Diversity in Swimming Should Include Gender, Culture, Sexual Preference, Socioeconomic Status, Race and More

Feature by Jeff Commings

CHERRY HILL, New Jersey, October 8. WHEN talk of diversity in swimming arises, the topic almost always revolves around race. Danielle Strader-Bordi understands the tendency to primarily focus on the color of an athlete's or coach's skin, but the former USA Swimming national team member sees “diversity” as a much broader term.

“Diversity isn't just about race,” she said. “It's gender, culture, sexual preference, socioeconomic status, all differences.”

To help increase awareness about all aspects of diversity in swimming, Strader-Bordi helped create the Coaches Diversity Conference last weekend in a joint effort with Middle Atlantic Swimming. More than 50 people attended the conference in New Jersey to hear from speakers that had real-world experience with handling diversity in various ways.

Before attending the conference, Mark Yankovich was one of those coaches who had a very generalized view of diversity in swimming. When he participated in job interviews for previous coaching jobs, he said he never had a concrete plan for applying and promoting diversity on his team, only that he supported it.

Yankovich discovered the much larger scope of diversity at last weekend's conference, saying he learned valuable lessons from speakers who have faced many aspects of diversity in their lives. He pointed to swim coach Jim Ellis, who famously led an all-black swim team to prominence in Philadelphia, and disabled swimmer Travis Pollen, as two people who made him understand how much harder he needed to work to actively work to promote and encourage diversity on his swim team each day.

“I thought the neatest thing that was said was that if you have a swimmer on your team that has some type of diversity, whether a disability or is one of the minorities among your athletes, it's great to get them to join your team, but you have to get them to have a quality experience,” said Yankovich, an assistant coach with the Greater Philadelphia Aquatic Club. “You have to find ways to share their differences and promote that.”

While USA Swimming's Make-a-Splash program is currently the most visible program in the country working to get more minorities involved in swimming through learn-to-swim events, Strader-Bordi said promoting the numbers of kids who now know how to swim is not enough.

“We only talk diversity in numbers,” said Strader-Bordi, one of the earliest African-American swimmers to make the USA Swimming national team. “But I feel and the members of the (Middle Atlantic Swimming) Diversity Committee feel that we cannot reach true inclusion until we have discussed the issues surrounding diversity and give coaches the tools to deal with those issues and have those conversations.”

Yankovich said he's long been one of those people to not have the conversations that Strader-Bordi mentions. As a coach and even as a swimmer, he admitted he often chose to not speak up when he heard unacceptable language disparaging an athlete.

“When you're on a team, you hear people goofing around, and they don't use the best language,” he said. “Looking back on my high school and college years, there are times I wish I would have said something, could have said something, and it makes me want to change things for the future.”

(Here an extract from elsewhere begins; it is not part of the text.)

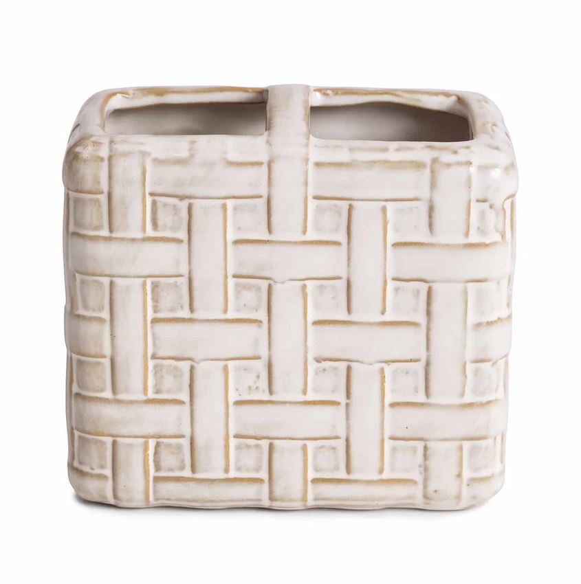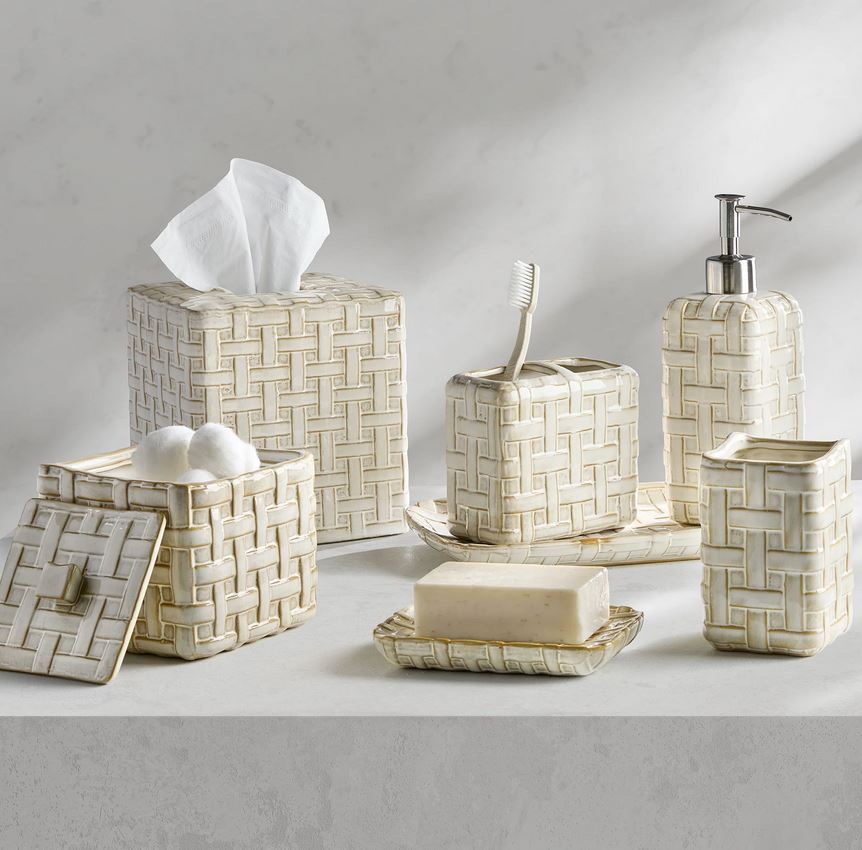 Crafted from embossed porcelain and inspired by woven raffia palms, this Kassatex Cane bath accessory set adds a feeling of natural refinement to the bath. Imported.

The lessons learned last weekend also came from those outside the sport of swimming. Speakers representing the Coast Guard and USA Rowing offered outside perspectives that Strader-Bordi said had tangible applications to swim teams.

“Not having the conversation narrowed to only diversity in swimming allowed us to think outside the pool, outside the box, and I believe this made it easier for the attendees to apply to swimming,” Strader-Bordi said.

Coaches who attended the conference, such as Yankovich, say the discussions they participated in gave them the insight and motivation to immediately work on making their teams more inclusive to all walks of life. The plans they have in mind are still works in progress, but they are happy that something has come along to give them a push in the right direction.